Normally, if you sell (or otherwise dispose of – for example, if you give away) your only or main home, you do not have to pay capital gains tax (CGT) on any profit if it has been your only or main home throughout the entire period of ownership. This is called main residence relief (or private residence relief). It can also apply in part to gains on the sale of a property which was not always used as your only or main home.

Content on this page:

Meaning of ‘only or main home’

For CGT purposes, a home can also be called a residence or private residence. The three terms are interchangeable and refer to any dwelling-house which you use as a residence – in simple terms, it is somewhere you actually live at the time. It is possible to have more than one home at the same time. In some cases, you can be deemed to occupy a dwelling-house as a residence for a period.

These rules apply equally to houseboats and residential caravans. A garden area of up to half a hectare is included as part of your home, or a larger area if the property requires it.

If you have more than one home (or residence) for a period of time, including those which you are deemed to occupy as a residence, then you need to understand which is your main home (or main residence) for that period. For CGT purposes, this is sometimes referred to as your principal private residence (PPR).

Whether or not a property is your home as a question of fact depends on how you use it. This can change over time. For example, if you let out a whole property which used to be your home, then it will no longer be treated as your home as a question of fact for the period during which it is let (though it may be deemed to be occupied as a residence, under separate rules – see below).

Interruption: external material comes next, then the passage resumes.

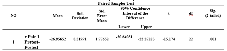 Berikut hasil uji hipotesis pretest posttest dengan menggunakan uji paired sample t-test sebagai berikut: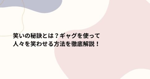社会はじめに 笑いの秘訣でギャグを使って人々を笑わせる方法についてご紹介します。 笑いは人と人をつなぎ、場の雰囲気を一気に明るくする魔法のような力を持っています。 そんな笑いを生み出すギャグやユーモアには、コツやテクニックが...

This is important as the CGT consequences on disposal depend on how the property was used over the period of ownership.

If you dispose of a property which has been used as your only or main home at some point in the period of ownership, the disposal will attract some amount of main residence relief.

In the simplest case, if you dispose of a property which has been used as your only or main home throughout the entire period of ownership, then it will qualify for full relief.

Spouses and civil partners

You and your spouse or civil partner can only have one main residence between you whilst you are 'living together'. Unless you are separated, you are deemed to be living together even if your spouse or civil partner is working away from ‘home’. This includes situations where one person is living and working overseas for a period of time.

The position on permanent separation when a marriage or civil partnership breaks down is set out in this HMRC guidance. If you have not separated under a court order or formal deed of separation, the question is whether you have separated “in such circumstances that the separation is likely to be permanent”. Following such a separation, a married couple or civil partners can have different main residences. We explain the CGT consequences of a relationship breakdown on our page Capital gains tax on separation and divorce.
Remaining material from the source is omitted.